*PROBLEM REQUIREMENTS:*
In the records below, find the line that contains "The Cove Deli" and the line that contains "This helps you"; write out exactly those two lines and everything between them, without the pictures.

*RECORDED INFORMATION:*
-.-.-
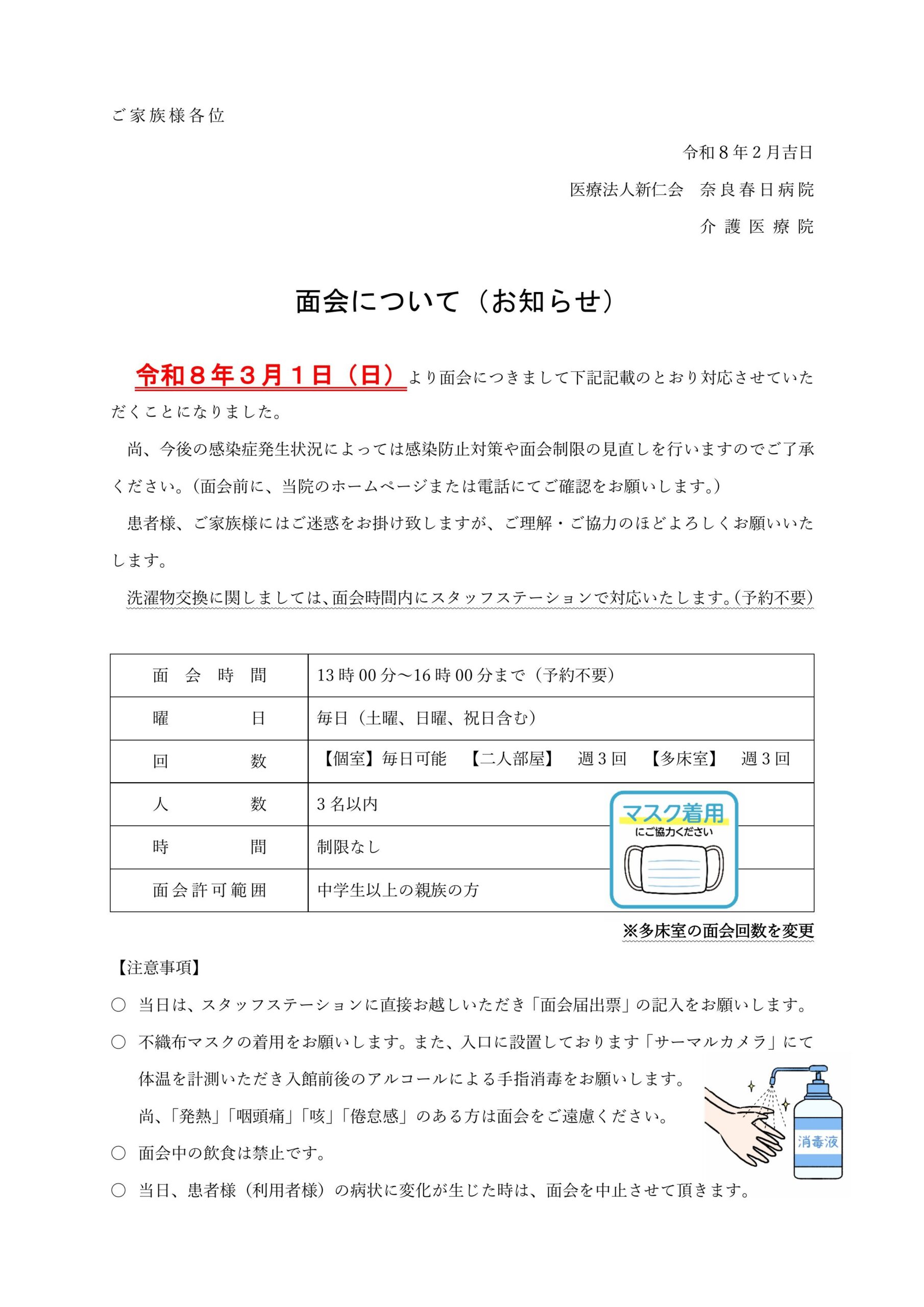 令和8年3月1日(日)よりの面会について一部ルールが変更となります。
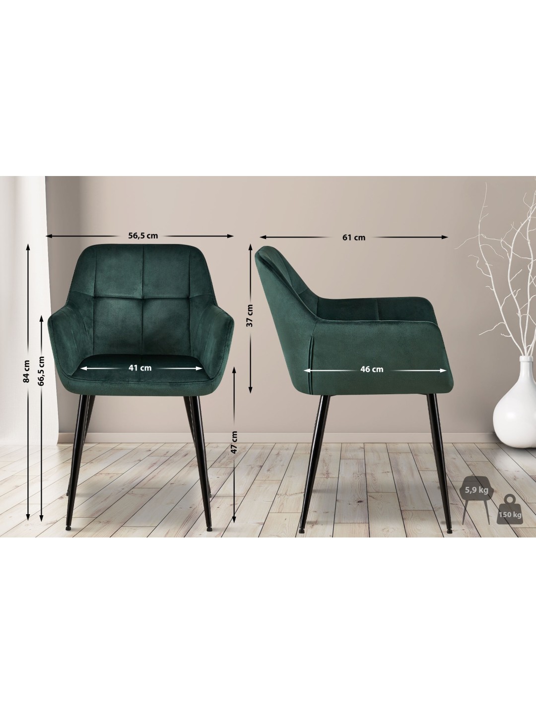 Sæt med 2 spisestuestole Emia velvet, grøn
-.-.-
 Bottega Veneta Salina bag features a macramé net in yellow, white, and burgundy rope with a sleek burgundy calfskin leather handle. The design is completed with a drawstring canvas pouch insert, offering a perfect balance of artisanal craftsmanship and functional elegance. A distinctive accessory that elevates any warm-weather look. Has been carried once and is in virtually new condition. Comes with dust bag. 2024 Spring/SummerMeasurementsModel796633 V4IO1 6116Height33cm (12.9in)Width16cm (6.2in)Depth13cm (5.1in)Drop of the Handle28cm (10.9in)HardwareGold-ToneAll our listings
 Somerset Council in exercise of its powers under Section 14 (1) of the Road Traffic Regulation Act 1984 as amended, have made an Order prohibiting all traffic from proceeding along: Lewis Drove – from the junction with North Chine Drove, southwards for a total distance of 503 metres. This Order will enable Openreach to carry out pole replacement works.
-.-.-
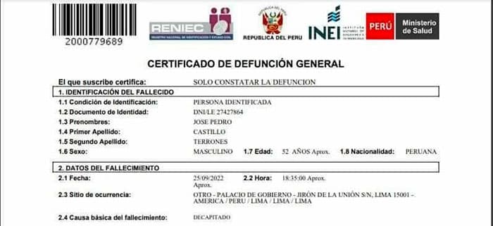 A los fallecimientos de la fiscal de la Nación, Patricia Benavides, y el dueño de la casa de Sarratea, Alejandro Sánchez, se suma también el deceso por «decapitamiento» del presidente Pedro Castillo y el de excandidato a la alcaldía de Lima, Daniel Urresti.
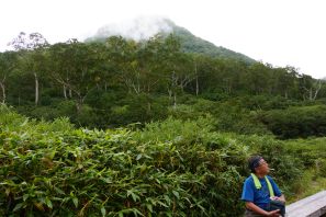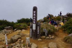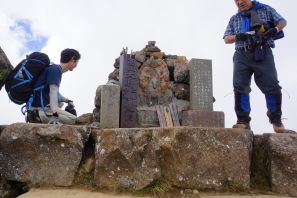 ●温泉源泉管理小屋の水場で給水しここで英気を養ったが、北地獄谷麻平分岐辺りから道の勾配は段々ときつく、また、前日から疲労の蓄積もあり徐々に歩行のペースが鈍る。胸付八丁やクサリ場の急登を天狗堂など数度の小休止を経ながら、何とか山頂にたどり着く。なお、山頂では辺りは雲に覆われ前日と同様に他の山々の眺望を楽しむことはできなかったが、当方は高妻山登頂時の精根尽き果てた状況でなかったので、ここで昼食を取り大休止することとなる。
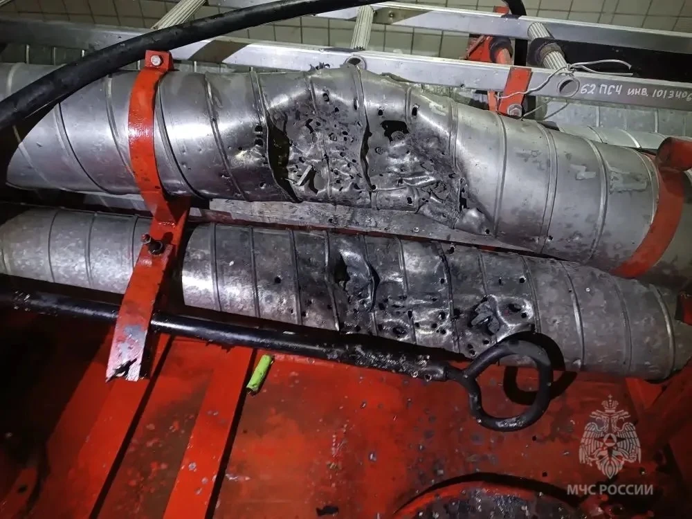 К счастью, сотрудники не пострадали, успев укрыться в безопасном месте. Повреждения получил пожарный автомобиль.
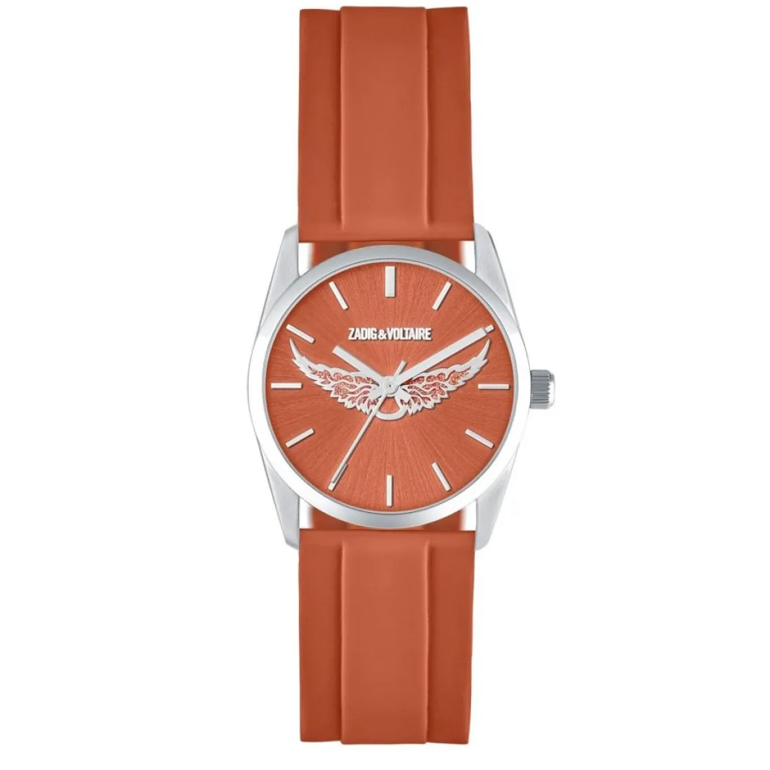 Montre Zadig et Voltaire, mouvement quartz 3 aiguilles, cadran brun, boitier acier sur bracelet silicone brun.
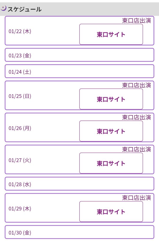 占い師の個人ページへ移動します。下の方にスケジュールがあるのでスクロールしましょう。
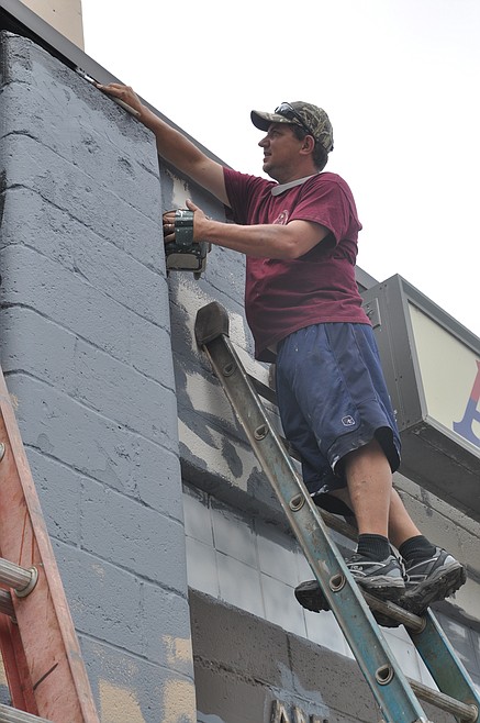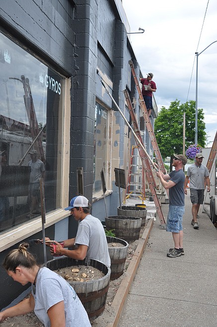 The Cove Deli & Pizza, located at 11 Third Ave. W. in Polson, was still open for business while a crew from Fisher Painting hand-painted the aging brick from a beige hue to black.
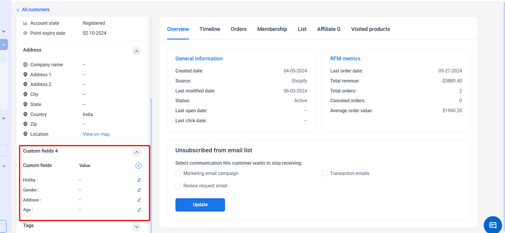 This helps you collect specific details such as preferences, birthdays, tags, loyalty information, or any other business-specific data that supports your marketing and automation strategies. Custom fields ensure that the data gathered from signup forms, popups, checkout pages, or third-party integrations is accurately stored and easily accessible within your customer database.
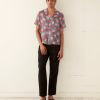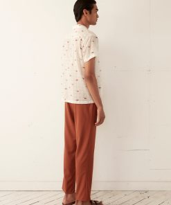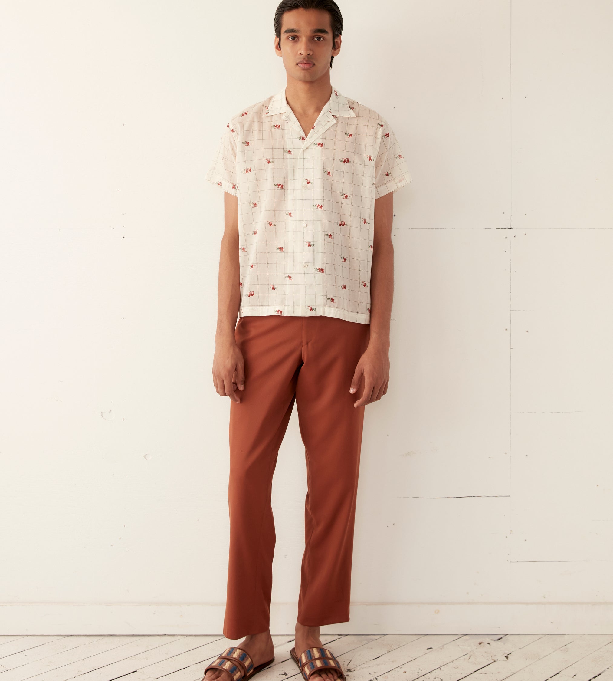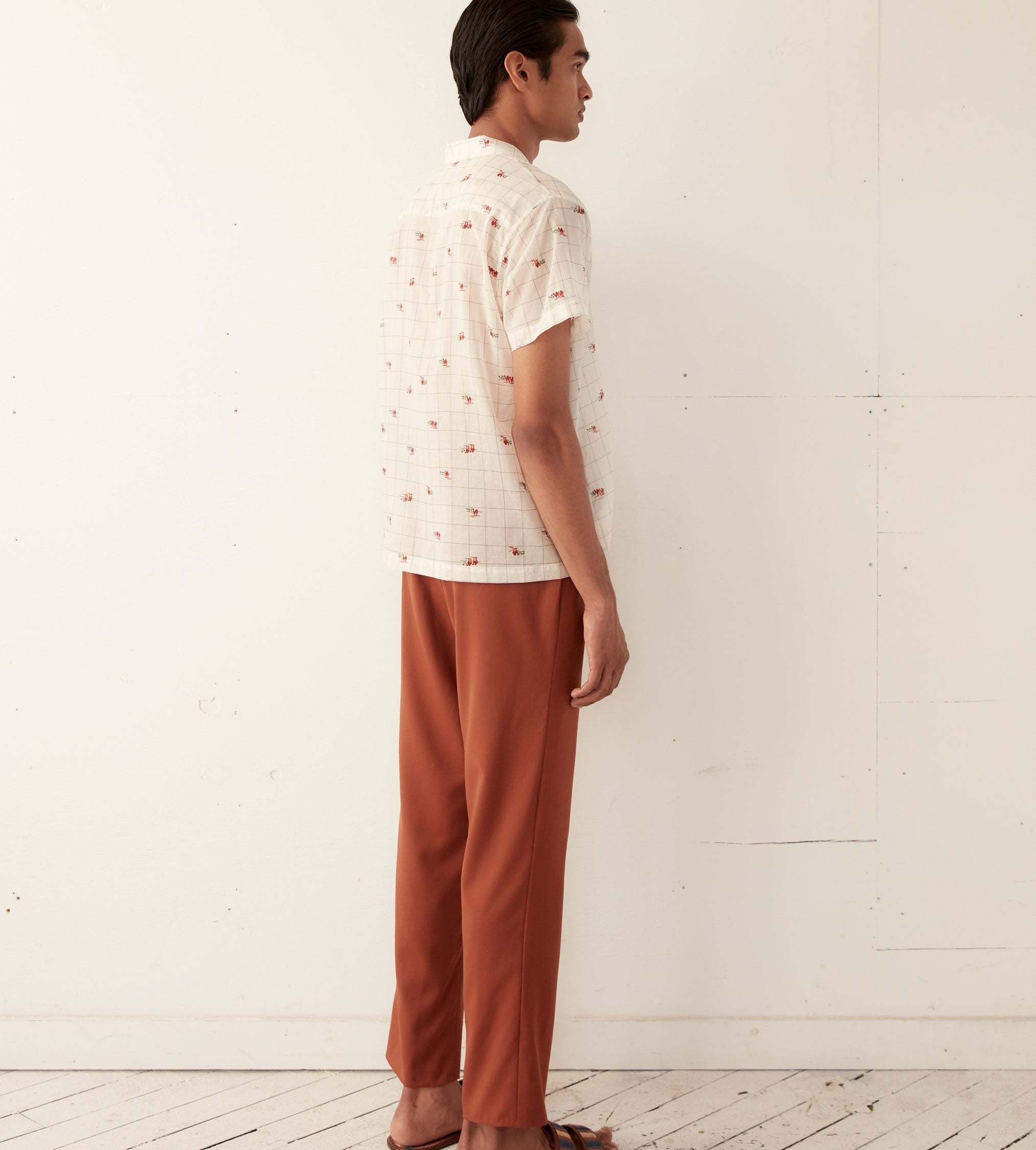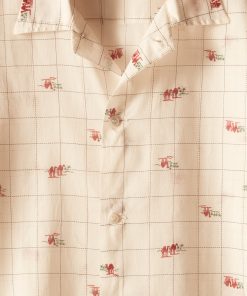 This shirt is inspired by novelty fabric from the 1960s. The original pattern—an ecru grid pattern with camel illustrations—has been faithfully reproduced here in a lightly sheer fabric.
-.-.-
*OUTPUT:*
 The Cove Deli & Pizza, located at 11 Third Ave. W. in Polson, was still open for business while a crew from Fisher Painting hand-painted the aging brick from a beige hue to black.
 This helps you collect specific details such as preferences, birthdays, tags, loyalty information, or any other business-specific data that supports your marketing and automation strategies. Custom fields ensure that the data gathered from signup forms, popups, checkout pages, or third-party integrations is accurately stored and easily accessible within your customer database.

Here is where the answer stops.